Wow. There are people Bob Novak considers to be religious fanatics. I thought he was a member of Opus Dei?

What could he have possibly been thinking? He thinks there are (unenforcable) rules that tell people how they can vote?

Like the whole "war on Christianity" thing this boils down to people's inflated egos, surely? They assume that a law which is created to control the government is aimed at them personally.

By Alex Whiteside (not verified) on 15 Aug 2006 #permalink

Novak couldn't care less about the Constitution, or the rights it enshrines. Every article by him that I've ever read has the same single concern: how best to bash non-right-wingers under the circumstances of the day. That's all he cares about, all he's paid for, and the only reason he's taken seriously as a commentator.

Raging Bee, that's the reason a lot of people don't take him seriously as a columnist.

Novak has never been confused with a constitutional scholar, but this is beyond stupid. Perhaps Bob should advise Romney to take these "prominent, respectable Evangelical Christians" to court! I smell constitutional crisis.

I don't think Novak is writing so literally. I think the blogger is being very picky, and not analyzing the article carefully enough. Novak is criticizing the internal political apparatus of the Republican party, which has evolved historically peculiar religious barriers to candidancy. This criticism by Novak falls in line with similar criticisms being made lately by other republicans about the influence on protestant evangelical religion in the party's affairs (for example, http://www.pbs.org/newshour/bb/politics/july-dec06/faith_10-05.html )

He may be using unconstitutional as a metaphor for unamerican, or anti-constitutional, saying that people within the republican party who are making an issue of the candidate's religion are not heeding the ideas behind the constitution.
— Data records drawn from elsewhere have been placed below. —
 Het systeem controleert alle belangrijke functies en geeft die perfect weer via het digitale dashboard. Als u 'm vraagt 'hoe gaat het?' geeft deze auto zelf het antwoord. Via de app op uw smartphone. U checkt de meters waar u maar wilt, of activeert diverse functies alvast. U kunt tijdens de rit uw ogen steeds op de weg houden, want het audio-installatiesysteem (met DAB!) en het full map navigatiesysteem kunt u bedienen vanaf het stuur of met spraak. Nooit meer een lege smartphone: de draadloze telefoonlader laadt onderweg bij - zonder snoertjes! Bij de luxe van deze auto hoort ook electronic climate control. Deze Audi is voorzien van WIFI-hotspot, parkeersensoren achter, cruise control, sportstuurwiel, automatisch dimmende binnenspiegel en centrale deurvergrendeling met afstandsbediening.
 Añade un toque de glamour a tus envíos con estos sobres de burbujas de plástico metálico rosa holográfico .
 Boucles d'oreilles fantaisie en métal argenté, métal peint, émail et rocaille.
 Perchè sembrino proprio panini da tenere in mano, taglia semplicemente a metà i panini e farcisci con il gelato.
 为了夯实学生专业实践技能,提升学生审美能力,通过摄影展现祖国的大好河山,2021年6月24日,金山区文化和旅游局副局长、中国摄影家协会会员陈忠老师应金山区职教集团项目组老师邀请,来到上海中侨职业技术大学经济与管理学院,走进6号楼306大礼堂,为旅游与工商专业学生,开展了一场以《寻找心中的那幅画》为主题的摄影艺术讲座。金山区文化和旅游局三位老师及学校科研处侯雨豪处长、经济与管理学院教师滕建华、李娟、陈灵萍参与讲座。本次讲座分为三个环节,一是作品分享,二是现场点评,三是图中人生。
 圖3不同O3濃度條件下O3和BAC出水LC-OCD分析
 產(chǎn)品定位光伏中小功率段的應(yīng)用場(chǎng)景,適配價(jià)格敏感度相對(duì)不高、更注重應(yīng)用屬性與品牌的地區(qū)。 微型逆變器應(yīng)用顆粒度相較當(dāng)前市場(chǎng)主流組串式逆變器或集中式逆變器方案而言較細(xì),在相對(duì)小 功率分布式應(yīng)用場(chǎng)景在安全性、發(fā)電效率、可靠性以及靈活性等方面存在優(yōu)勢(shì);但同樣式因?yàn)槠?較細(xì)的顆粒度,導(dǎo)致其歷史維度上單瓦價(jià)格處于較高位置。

I don't think he is trying to make a legal argument that the candidate's constitutional rights are being violated, or that people, or political parties, can't (as opposed to shouldn't) consider a candidate's religion affiliation in casting their vote for him.

Novak really isn't stupid. It's fair to argue about the words he's using being equivocal, but I wouldn't try to go further in that. He's only a columnist. He doesn't have an infinite amount of space to convey his meaning, so maybe he relies on too much metaphor. But I get a completely different meaning from his words than this blogger.